TGI de Bobigny, comparutions immédiates du mercredi 25 mars
Au mauvais endroit, au mauvais moment, mais certainement avec la bonne gueule de l’emploi. Benoît, David et Abdelhadi, 20 ans tous les trois, sont nés et ont grandi à Bondy, dans le 9-3. Ils comparaissaient ce mercredi devant le tribunal correctionnel de Bobigny pour « vol en réunion avec dégradation ». Malgré le dossier à charge de la Police, ils nient les faits.
Le 22 mars à trois heures du matin, un véhicule de la BAC patrouille dans une cité de Villemomble (93). Garée dans un parking, une Fiat Punto vide au coffre ouvert et à la fenêtre brisée attire leur attention – le véhicule a visiblement été fracturé. À une vingtaine de mètres, trois jeunes sont garés sur le bas-côté. « Dans la pénombre » précise le PV, deux d’entre eux fouillent leur coffre à l’aide d’une lampe torche, un troisième attend à l’intérieur, assis sur la banquette arrière. Les policiers descendent et leur demandent « ce qu’ils font là ». « On est venu voir des amis dans le quartier », répond l’un. À l’intérieur du coffre encore ouvert, les policiers aperçoivent une paire de gants, une clef à molette et des outils divers. Le véhicule est alors entièrement fouillé par les agents. Par terre, à l’avant du véhicule, ils dénichent un gant en plastique renfermant une gourmette de pacotille et, sur la banquette arrière, une montre de marque Festina d’une valeur de 100€. Les trois jeunes sont aussitôt menottés et embarqués.
Le lendemain, la propriétaire de la Fiat Punto est interrogée. Oui, oui, on lui a bien brisé la vitre arrière de son véhicule et « dérobé un triangle de signalisation et un gilet fluo ». Lui a-t-on aussi volé des bijoux ? Oui, dit-elle aux policiers, il y avait effectivement « un sac en plastique dans la roue de secours contenant des objets de valeur ». Reconnaît-elle cette montre et cette gourmette comme étant les siens ? Oui, ce sont effectivement ceux de son mari – un cadeau offert par leur fille. Ils n’ont du coup aucune facture, mais ce sont bien les effets de son conjoint.
« La gourmette m’appartient », assure de son côté Abdelhadi au Président du Tribunal. Et d’expliquer : « Quelques jours plus tôt, j’avais fait des réparations sur ma voiture avec des gants en plastique. En l’ôtant, ma gourmette est partie avec. J’ai jeté le gant contenant la gourmette à l’avant de ma voiture en me disant que je la récupérerais plus tard ». Benoît prend la parole à son tour : « La montre, c’est la mienne – je la retire souvent parce qu’elle est lourde et qu’elle me gène. J’ai d’ailleurs demandé à ma sœur de vous ramener la facture ».

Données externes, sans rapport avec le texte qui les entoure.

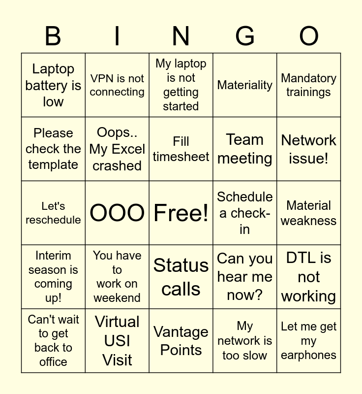 This bingo card has a free space and 24 words: You have to work on weekend, Virtual USI Visit, Fill timesheet, Can't wait to get back to office, Mandatory trainings, Laptop battery is low, Please check the template, VPN is not connecting, Schedule a check-in, Status calls, Team meeting, Let's reschedule, Can you hear me now?, DTL is not working, Oops.. My Excel crashed, My network is too slow, Material weakness, My laptop is not getting started, Network issue!, OOO, Let me get my earphones, Interim season is coming up!, Materiality and Vantage Points.
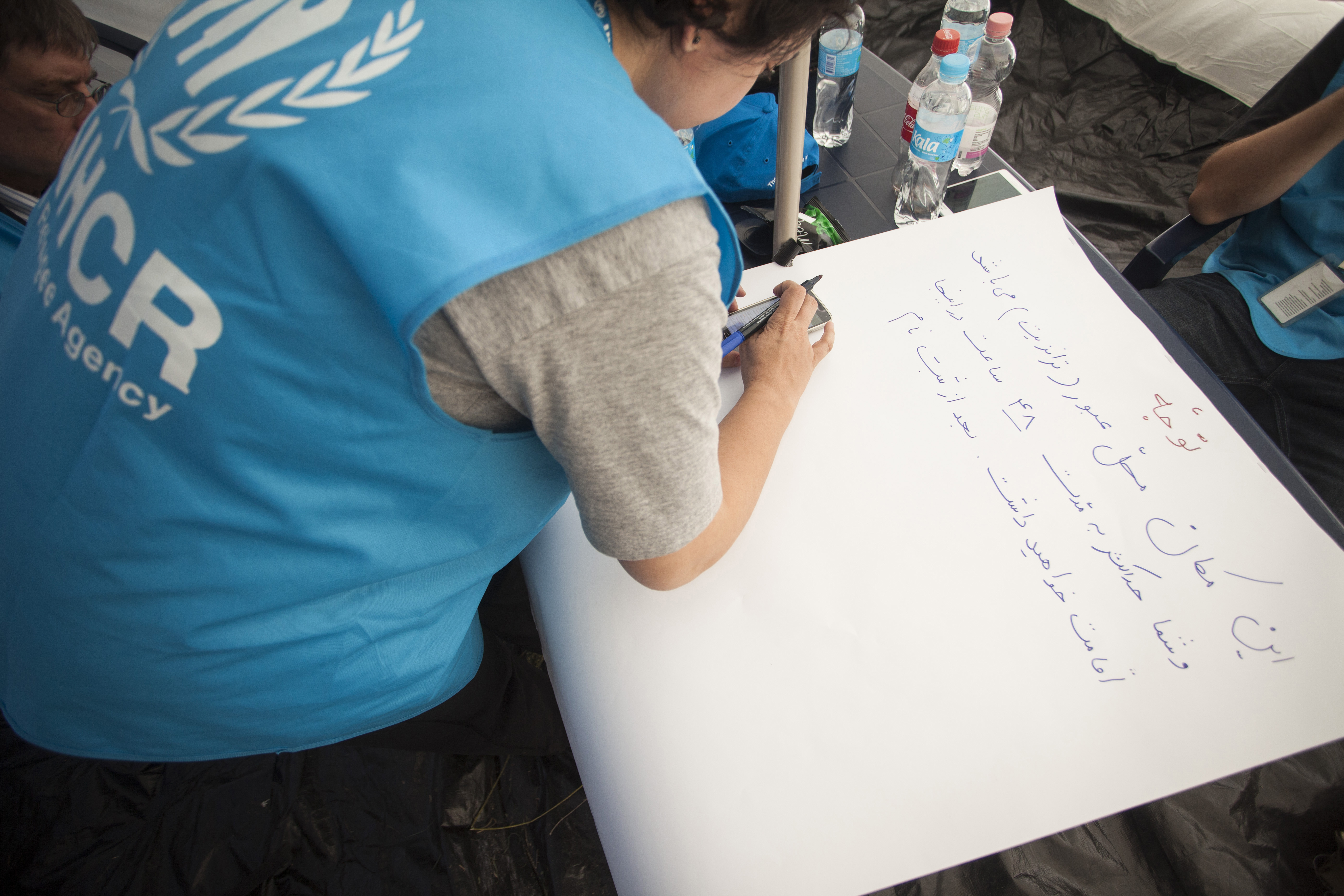 Mandana Amiri, UNHCR protection officer, writes an information poster in Farsi for refugees at the Croatian government transit center in Opatovac, near the Serbian border

« Monsieur le Président, la prochaine fois que je me pencherai dans le coffre de ma voiture pour y chercher quelque chose, je vérifierai auparavant qu’aucun véhicule de la BAC ne patrouille dans les alentours, lance la défense. Parce que des outils, j’en ai moi-même à l’arrière de ma voiture et je ne vois pas en quoi cela constitue une infraction ».
Casiers vides, familles unies et sans problèmes particuliers, les trois jeunes présentent le même type de profil avec un CAP en poche et quelques difficultés pour dénicher un emploi stable. L’avocate regrette que l’on ait malgré tout passé leurs identités « sous tous les fichiers existants » pour un résultat nul, que l’on ai perquisitionné chez le conducteur et que l’on se soit même rendu chez son employeur – « qui maintenant, bravo, est au courant de l’affaire » : « On reproche à ces jeunes de ne pas avoir d’ambition professionnelle, mais le seul des trois à avoir une piste de CDI, on le plombe ! » A l’entendre, l’enquête de police a bel et bien été « forcée » : « Dans ce dossier pourtant si complet, pourquoi n’y a-t-il aucune photo des pièces à convictions ? Pourquoi la victime n’est-elle pas présente ? Allons-y ! Comparons les numéros de séries de la montre et de la facture. Ah non, excusez-moi, on joue de malchance, la montre a été “rendue” à la victime ».
Le jugement. Relaxe pour les trois prévenus.